Nathaniel Rutman wrote:
> Andreas Dilger wrote:
>   
>> Nathan,
>> Eric and I had a lengthy discussion today about HSM and the copy-in
>> process.  This was largely driven by Braam's assertion that having a
>> copy-in process that blocks all access to the file data is not sufficient
>> to meet customer demands.  Some customers require processes be able to
>> access the file data as soon as it is present in the objects.
>>
>> Eric and I both agreed that we want to start with as simple an HSM solution
>> as possible and incrementally provide improvements, so long as the early
>> implementation is not a "throw-away" that consumes significant developer
>> resources but doesn't provide long term benefits.  In both the "simple"

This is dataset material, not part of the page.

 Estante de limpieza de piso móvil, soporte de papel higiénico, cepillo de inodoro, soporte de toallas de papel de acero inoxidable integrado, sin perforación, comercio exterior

>> and the "complex" copy-in the client has no knowledge/participation
>> of the process being done by the HSM/coordinator.
>>
>> We both agreed that the simplest copy-in process is a reasonable starting
>> point and can be used by many customers.  To review the simple case
>> (I hope this also matches your recollection):
>>
>> 1) client tries to access a file that has been purged
>>   a) if client is only doing getattr, attributes can be returned from MDS
>>     - MDS holds file size[*]
>>     - client may get MDS attribute read locks, but not layout lock
>>     -> DONE
>>   b) if client is trying to do an open (read or write)

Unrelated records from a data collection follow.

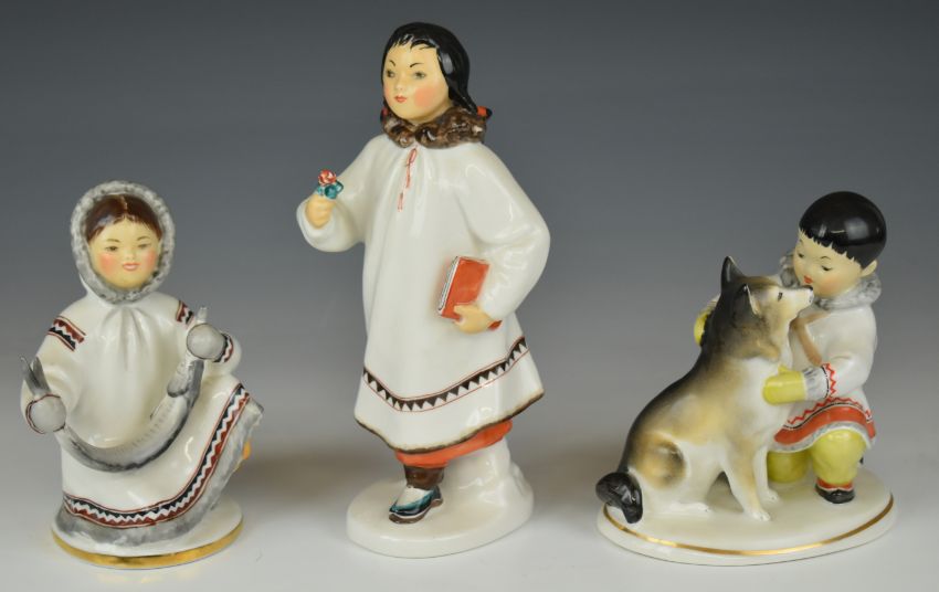 Three Lomonosov / USSR Inuit figures, tallest 20cm
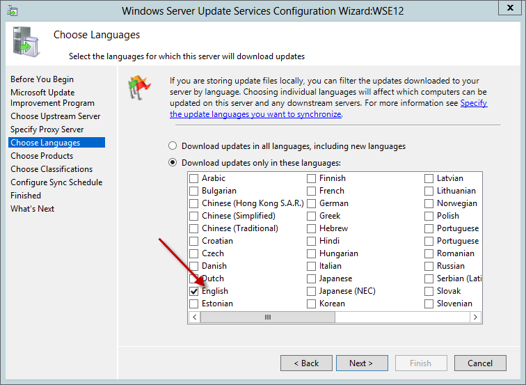 You can chose things like whether to sync updates in different languages, what products to sync, the type of update to sync and also the schedule.
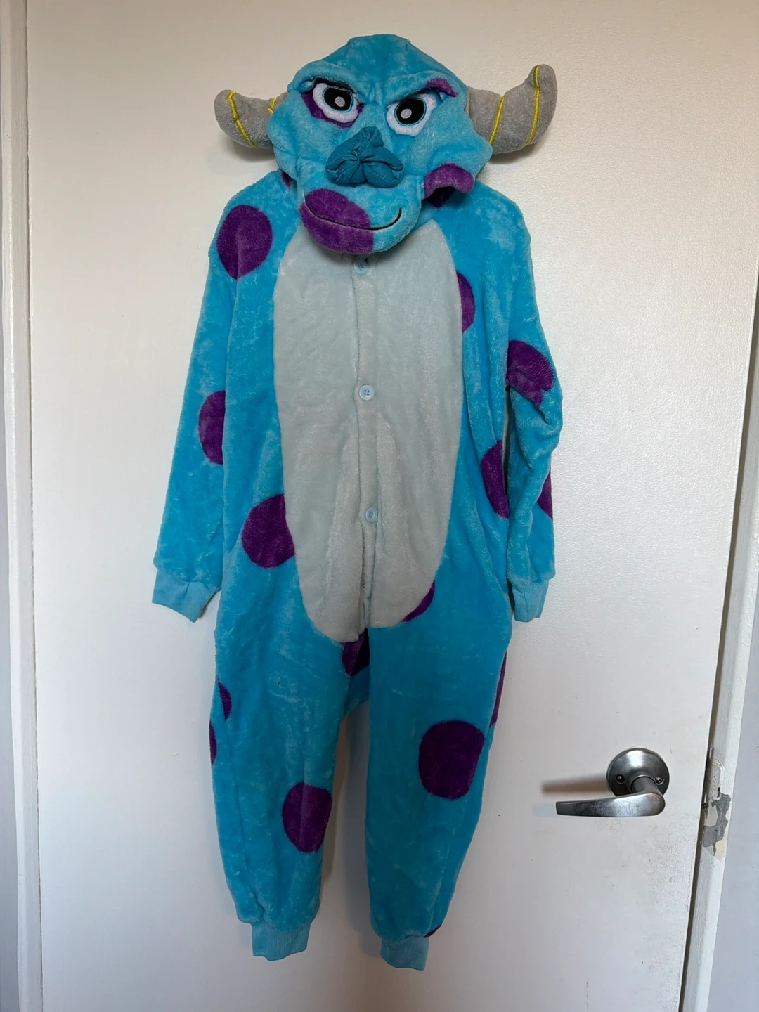 Selling Toddler’s Sully onesie costume, inspired by Monsters Inc! It's a cozy and fun outfit, perfect for lounging or costume parties. Fits 3-5 years. The onesie is in great condition and features the iconic blue fur with purple spots and Sully's friendly face on the hood
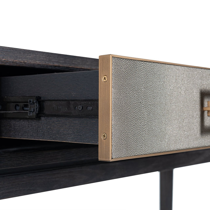 Add timeless style and a classic design to your room in the form of the gorgeous and chic Richmond Bloomville 3 Drawers Gold Console Table. The elegant style of this console table, with its old oak base, PU leather top, and gold handles on its 3 drawers, will add a sophisticated atmosphere to your space.
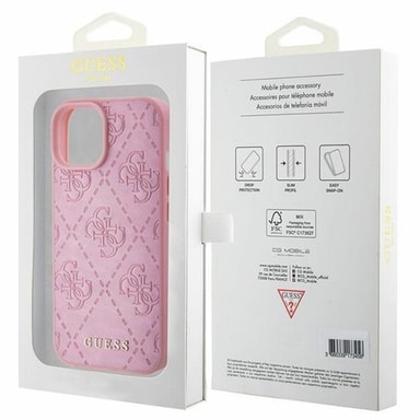 Det unika med denna kollektion betonas av det delikata ekologiska lädret som täcker enhetens baksida - det ger denna kollektion ett elegant utseende och en lyxig karaktär. Eko-lädret är behagligt att ta på och ger ett säkert grepp, och är unikt tack vare det präglade klassiska 4G-motivet som detta respekterade modehus är känt för. Denna sofistikerade kollektion kompletteras med en subtil guldlapp med Guess-logotypen, som sticker ut från hela designen och framhäver dess exklusiva karaktär, samt bekräftar produktens äkthet.
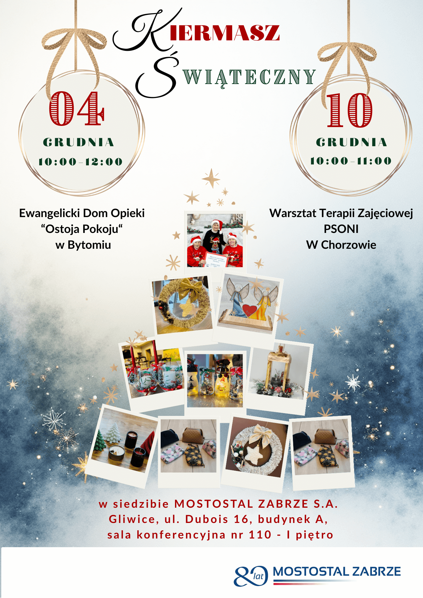 • 04.12., godz. 10:00–12:00, sala 110 – kiermasz we współpracy z Domem Opieki Społecznej – Ewangelickim Domem Opieki „Ostoja Pokoju” w Miechowicach,
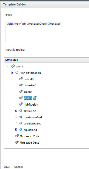 - The following is the Template Builder window, which has all the notifications parameters listed to configure a template for notification messages.
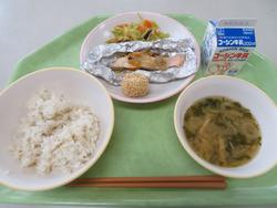 今日は2年生考案メニュー「寒さ対策!!ぽかぽか給食」で、ごはん、鮭のアルミ焼き、お豆サラダ、大根汁、ごま団子、牛乳です。大根汁は温かな汁物として、大根の根も葉も余すところなく利用した味噌汁で、ほっとする味わいでした。鮭のアルミ焼きは脂ののった鮭の切り身にキノコや玉ねぎがよく蒸されており出汁も染みこんでいて相乗効果のあるとてもおいしい一品でした。まだまだ寒い日が続きます。給食をはじめとした食事を摂って内側から体温を上げるようにしていきましょう。
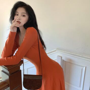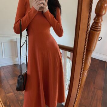 タイト&フレアスカートの長袖ミモレ丈ワンピースです。
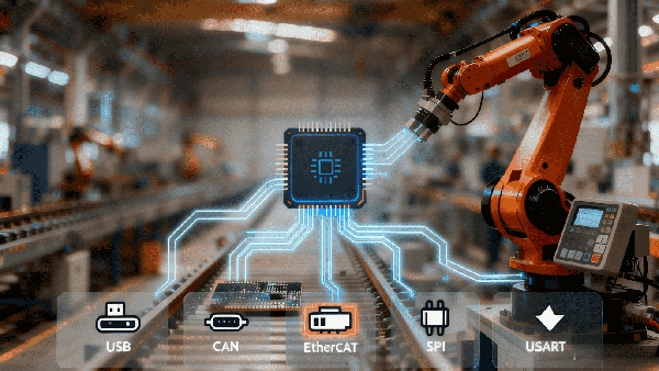 工業(yè)通信能力升級:芯片集成 ETherCat/USB/USART/CAN/SPI/I2C 等豐富的通信與控制接口,可實現(xiàn)高效數(shù)據(jù)交換,滿足工業(yè)自動化高實時通信需求。量產(chǎn)過程中,公司針對不同工業(yè)通信場景進行了大量兼容性和穩(wěn)定性測試。
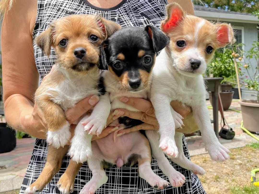Piper is an 10 week old, 4 pound, female Terrier/Chihuahua mix. We expect her to grow to be around 15 pounds full size. When they joined us they were the smallest, tiniest pups in our program but over the past three weeks they have exploded in size and are now around 4 pounds each. They are being fostered in a home with other dogs. Currently they are working on house training, are crate trained and they are not leash trained. ? Looking for some comedy in your life? This little girl might be your match. Piper is a playful puppy with so many fun quirks that will keep you laughing. Sometimes she army crawls across the grass so she can sneak up on her sisters and sometimes she bounces across the yard like a little bunny. She is very small and very fast and will keep you on your toes, in the best way possible. When she tires herself out, she loves nothing more than a good snuggle and a belly rub. She Loves her 30lb Cattle Dog/Collie foster sister and is always the first to seek her out. Words that come to mind when thinking of Piper; Brave, Fearless, Funny, Sweet. To apply for an animal please complete our adoption application. Once completed email to dogmaanimalrescue@gmail.com. Put name of dog and litter you are interested in in the subject line. If you have already sent in an application in the past, please reattach it to your current email. We do not keep applications on file. We try to respond to all emails but due to the volume of messages we receive that is not always possible.
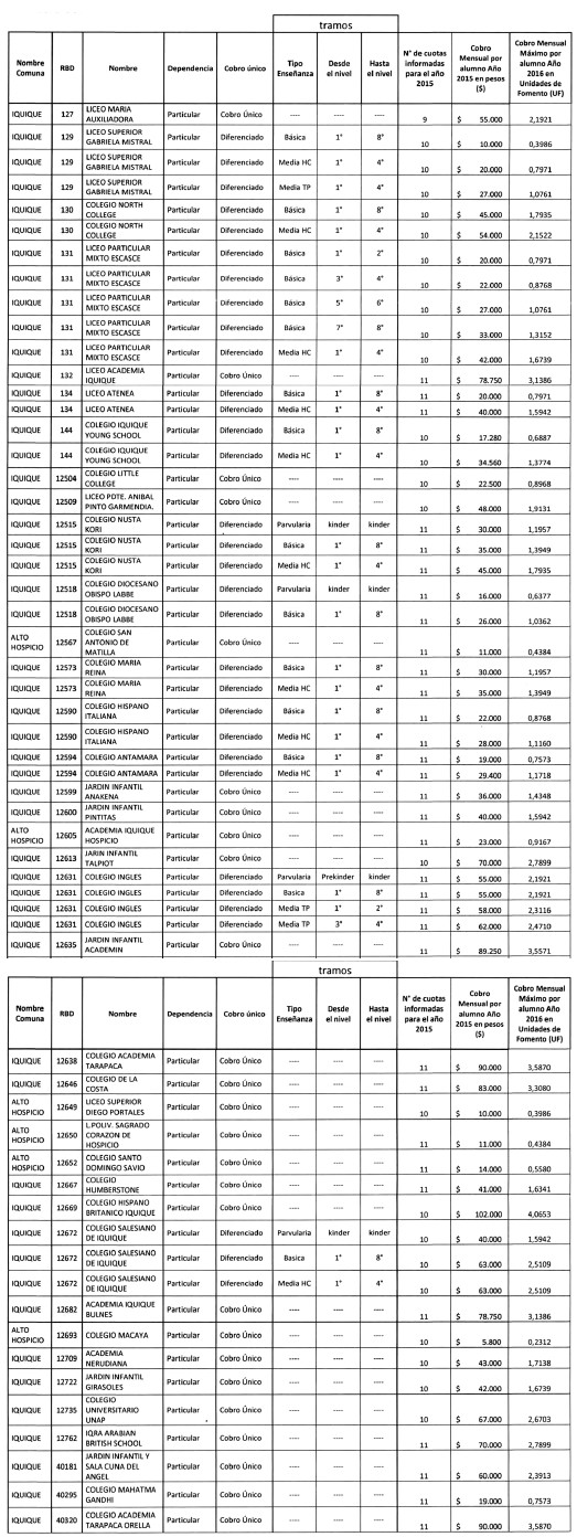 Artículo 1º: El cobro mensual máximo por alumno, de acuerdo a lo informado para el año 2015 por los establecimientos educacionales adscritos al régimen de financiamiento compartido, convertidos en unidades de fomento, al valor de dicha unidad al 1 de agosto de 2015 ($25.090,61) y que se aplicará el año escolar 2016, será de:

>>     - layout lock is required by client to do any read/write of the file
>>     - client enqueues layout lock request
>>     - MDS notices that file is purged, does upcall to coordinator to
>>       start copy-in on FID N
>>   
>>     
> s/does upcall/asks/.  We expect coordinator to be in-kernel for LNET 
> comms to agents.
>   
>> 2) client is blocked waiting for layout lock
>>   - if MDS crashes at this point, client will resend open to MDS, goto 1b
>>   - MDS should send early replies indicating lock will be slow to grant
>>   
>>     
> The reply to the layout lock request includes a "wait forever" flag 
> (this is the one client code change required for HSM at this point.)  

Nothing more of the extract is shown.